By the group $\langle G \rangle$ generated by $G$ we mean the set of permutation that we will get by repeatedly composing permutations with each other in all possible ways, until no new permutations may be produced. Further we will rely on the following properties of permutations:

• There is an identity permutation $e(k) = k$, such that $e \sigma = \sigma e = \sigma$ for any $\sigma$;
• For every permutation $\sigma$, there is unique $\sigma^{-1}$ such that $\sigma(\sigma^{-1}(k)) = \sigma^{-1}(\sigma(k)) = k$, that is $\sigma \sigma^{-1} = \sigma^{-1} \sigma = e$.

Together, the properties above just say that permutations form a group.

## High-level idea

General idea of the algorithm is to find $k$ sets $G_1, \dots, G_k \subset G$ such that every element $g \in G$ may be uniquely represented as $g = g_1 g_2 \dots g_k$, where $g_1 \in G_1, \dots, g_k \in G_k$. Then it will also hold that $|G| = |G_1| |G_2| \dots |G_k|$.

It would be even nicer to make $G_1, \dots, G_k$ such that finding $g_1 g_2 \dots g_k$ for any given $g$ is a reasonably simple task.

### Which $G_1, \dots, G_k$ to use?

This idea above is quite similar to representing any vector $r$ of a linear space as a linear combination $r = a_1 r_1 + \dots + a_k r_k$ of basis vectors.
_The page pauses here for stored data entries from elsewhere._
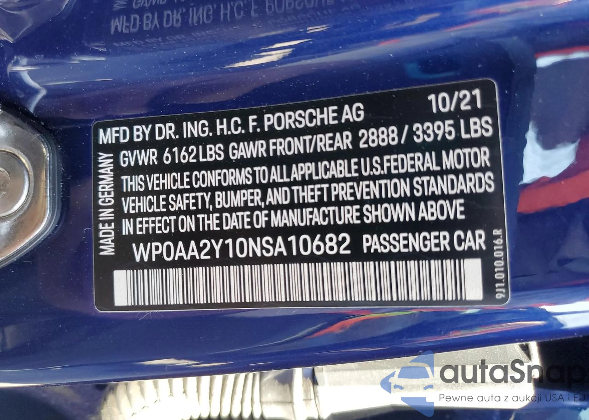Samochód Porsche Taycan 2022 (VIN WP0AA2Y10NSA10682) nie był wcześniej licytowany. Dokumenty są czyste, przebieg odpowiada lub jest niższy niż średnia rynku. Sprzedaje go firma ubezpieczeniowa – polecamy zakup. Dostawa do portu zajmie ok. 6–8 tygodni.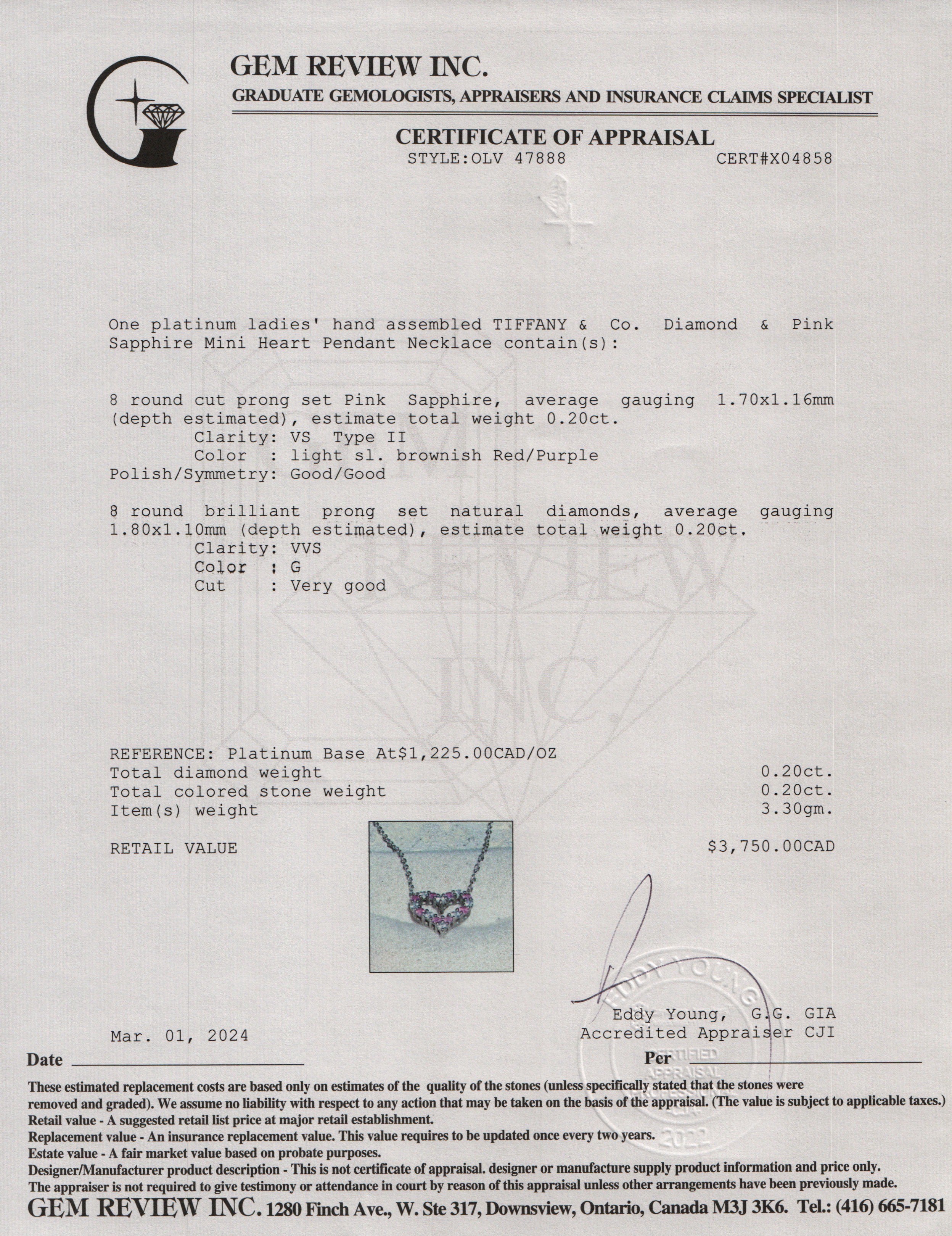Platinum Diamond & Pink Sapphire Mini Heart Pendant Necklace w/ Box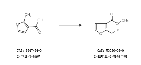 1.通過2-甲基-3-糠酸合成2-溴甲基-3-糠酸甲酯

The basis $r_1, \dots, r_k$ is usually constructed in a row-echelon form, meaning that each vector has a specific coordinate associated with it, so that all basis vectors with higher indices have zero coefficient in this coordinate. In this way, the coefficient $a_i$ may be found just by looking on the corresponding coordinate of $r-a_1 r_1 - \dots - a_{i-1} r_{i-1}$.

Generally, in linear spaces we may allow zero vectors in the basis and choose $r_1, \dots, r_n$ in such way that $r_i$ has zero value in all coordinates $j < i$. Then, the vector $a_i r_i$ is uniquely determined by the $i$-th coefficient of $r - a_1 r_1 - \dots - a_{i-1} r_{i-1}$.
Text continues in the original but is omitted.